Syllabus: GS 3 – Indian economy
Relevance: Issues related to fiscal federalism
News: Recently, there are demands in some states to implement OPS. Some states like Himachal and Rajasthan have implemented it.
What are the differences between centre and states over fiscal autonomy?
States want to make their own decisions such as the type of pension scheme, the freedom to decide welfare programmes and so on.
But, states neither have the financial resources to implement their decisions nor the freedom to mobilise finances on their own. They are dependent on the Centre for resources.
This is responsible for the current standoff between the Union government and states over various issues such as “freebies” versus welfare, reversion to the old pension scheme, and imposition of conditions for financial grants on states.
|Must read: Comparison of National Pension Scheme with Old Pension System – Explained, pointwise|
The poor financial condition of states: States such as Rajasthan, Punjab, Himachal Pradesh, Chhattisgarh, Jharkhand and Bengal want to implement the old pension scheme (OPS).
But large states such as Maharashtra, Tamil Nadu, Karnataka and Gujarat are resisting pressure from their government employees to revert to OPS
Paradoxically, states that want to implement OPS have much higher debt levels (40% of GDP) than the states that are reluctant to switch to OPS (22%).
Punjab has a debt of 48% of GDP. It spends nearly one-fifth of its income on just pensions for government employees.
When these states spend so much of their income on pensions, they will not have enough resources to cater to the basic needs of the remaining population.
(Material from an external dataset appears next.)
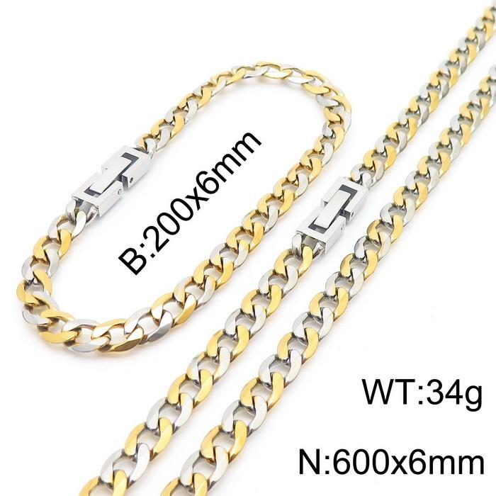 600x6mm Flat Bracelet Necklace Set Stainless Steel Japanese Buckle Chain Neutral Gold Mixed JewelryWholesale Price:

It forces them to borrow more money.
States that are implementing OPS do not have the financial strength for it. They are dependent on the Centre to provide funds either through devolution of taxes collected from other states or by borrowing and lending.
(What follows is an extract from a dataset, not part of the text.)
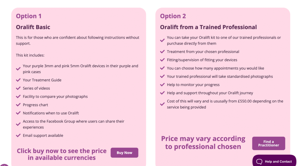 Oralift 的商業模式很靈活,用戶可以選擇自行 DIY 使用,或者在他們所謂「受過訓練的專業人員」指導下進行。他們稱這些受訓人員為「美容師」(aesthetician),而成為 Oralift 認可的美容師基本上只有一個條件——參加並通過他們收費的訓練課程,完全不需要任何醫學或牙醫的學位背景。如果你選擇 DIY 自己來,他們也提供許多額外的支援服務讓你按照需求購買。

|Read more: State elections and the troubling return of the old pension scheme|
The financial gap between states: Just four large states; Maharashtra, Tamil Nadu, Karnataka and Gujarat are net contributors to the Union government’s tax pool. Most other states are net takers.
When the Punjab or Himachal government claims it has the right to decide on OPS, it is actually paid for indirectly by the future generations of people in Maharashtra, Gujarat, Tamil Nadu and Karnataka through the Union government.
The purpose of such redistribution is to close the gap between these states over time. But, the gap between the “net giving” and the “net taking” states has only increased.
For example, the gap between the debt levels of states that have implemented OPS vis-à-vis the states that have resisted OPS has increased from 13% in 2003 to 20% of GDP in 2023.
This pattern of the richer states giving and the needier states taking more and more over time without closing the gap is unsustainable and dangerous. Profligate schemes like OPS will only exacerbate the gap between the richer and poorer states.
At some point, the richer states will start to question the efficacy of such redistribution and the need for them to continue to fund regressive schemes in poorer states.